But he told reporters that only voters will determine whether the endorsement cements his grip on the front-runner's position. "It doesn't solidify anything," he said.

Dean's advisers, with a high-fiving sense of triumph, cast the endorsement as the biggest step yet toward persuading Democratic activists that it's time to jump aboard the Dean bandwagon -- despite the fact that voters have yet to weigh in.

"I think it's important to have as little bloodletting in this nominating process as possible," campaign manager Joe Trippi said, adding that Gore's backing may push 15 to 20 members of Congress into Dean's camp. He added one Tuesday -- California Rep. Loretta Sanchez.

But New York Sen. Hillary Rodham Clinton, pressed about a primary endorsement, declined to back any of the nine candidates, saying she considers it "more important to coalesce around a nominee" than an early front-runner, and adding, "I want to see how the process plays out."

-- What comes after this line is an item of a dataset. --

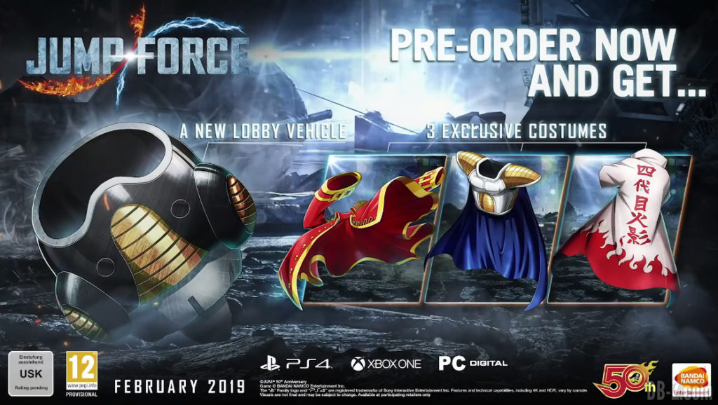 Des costumes exclusifs et le vaisseau de Freezer seront offerts pour toute précommande. Niveau costume, ils viennent de One Piece (tenue de pirate), Dragon Ball (tenue du prince Vegeta), et de Naruto (tenue du 4ème Hokage).

The race has not taken shape beyond New Hampshire, where Dean leads in polls by double digits, and Iowa, where Dean and Rep. Dick Gephardt are locked in a tight fight. Dean's support is weakest in the seven states holding Feb. 3 contests, particularly those in the South and West. Democratic strategists say that while the endorsement makes Dean the overwhelming favorite, it does not erase doubts about the former Vermont governor.

"This hands the nomination to Dean and probably dooms the Democratic Party's efforts to unseat George Bush," former New York City Mayor Ed Koch told WROW-AM radio in Albany, N.Y. Koch, who backed Gore in 1988 and Democrat Bill Bradley in 2000, supports Bush's re-election.

The endorsement left Dean's rivals stunned and disheartened.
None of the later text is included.